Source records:
((
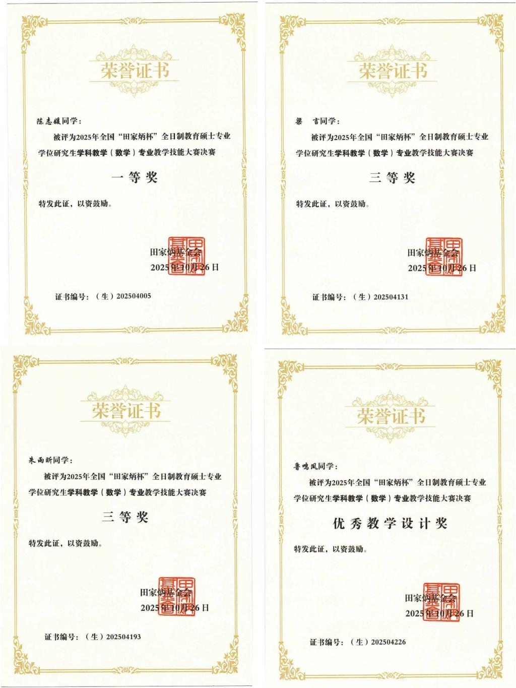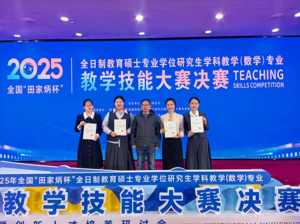 近日,2025年全国“田家炳杯”全日制教育硕士专业学位研究生学科教学(数学)专业教学技能大赛决赛在西华师范大学举行。经过激烈角逐,开元官网开元集团网站学科教学(数学)专业研究生陈志媛获一等奖,梁言、朱雨昕获三等奖,鲁鸣凤获优秀教学设计奖,开元集团网站教师彭燕伟博士获“优秀指导教师”奖。
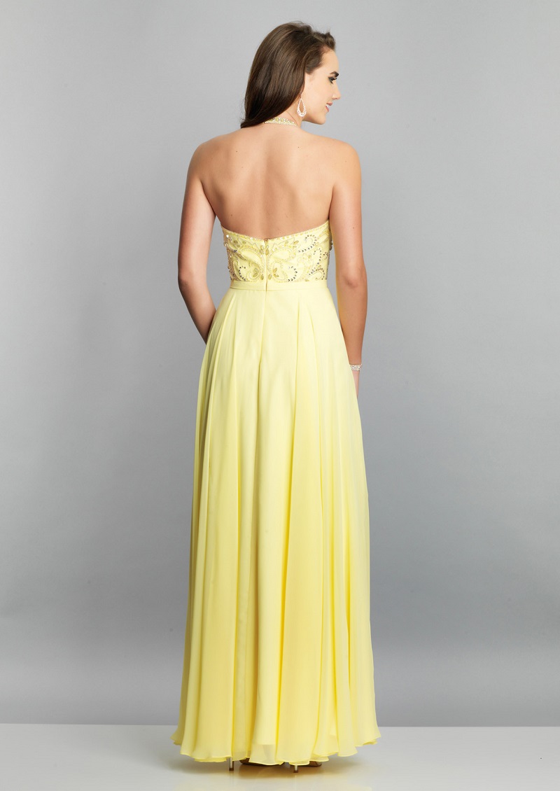 Essa outra peça também tem a saia fluida e em camadas, que proporciona esse efeito de movimento, como se você estivesse flutuando. O tom de amarelo fica incrível especialmente em quem tem pele morena e negra, porque cria um contraste bem interessante. E o bordado na parte superior da peça é um charme a mais.
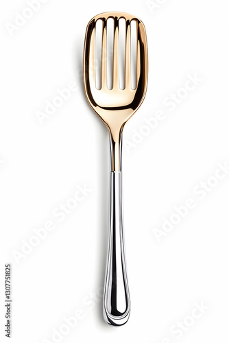 Gold and silver serving spoon; isolated, white background; elegant kitchen utensil
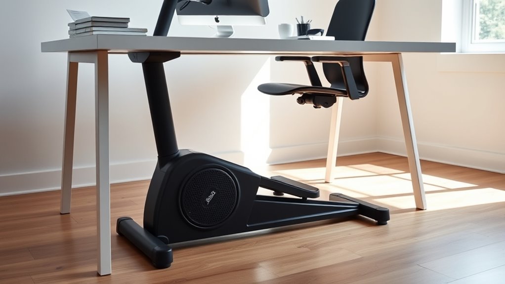Ever wondered how these devices keep you safe while you’re multitasking? Most under-desk ellipticals come with safety features like anti-slip pedals, low resistance settings, and sturdy frames to prevent accidents. Some even have built-in stop buttons for quick pauses. I always recommend choosing models with these features, so you can focus on your work and workout without worry, turning your desk into a safe, active space.
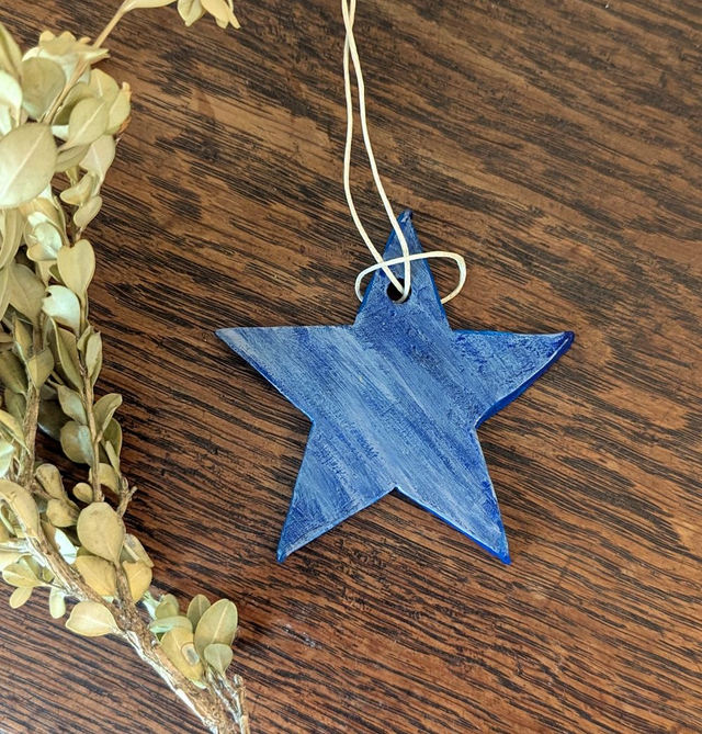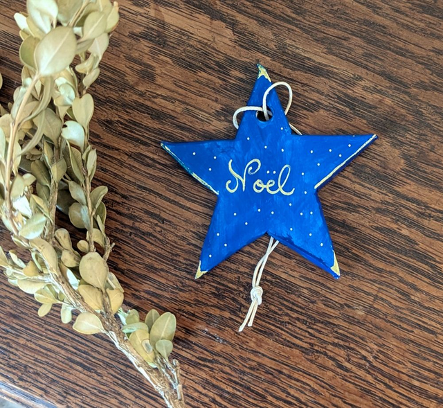 Décoration en céramique pour votre sapin de Noël. Etoile bleue et dorée.
))
▶ **PROBLEM REQUIREMENTS**:
Without the pictures, give again exactly the lines above starting at the line containing "Essa outra peça" and ending at the line containing "Gold and silver".

▶ **SOLUTION**:
 Essa outra peça também tem a saia fluida e em camadas, que proporciona esse efeito de movimento, como se você estivesse flutuando. O tom de amarelo fica incrível especialmente em quem tem pele morena e negra, porque cria um contraste bem interessante. E o bordado na parte superior da peça é um charme a mais.
 Gold and silver serving spoon; isolated, white background; elegant kitchen utensil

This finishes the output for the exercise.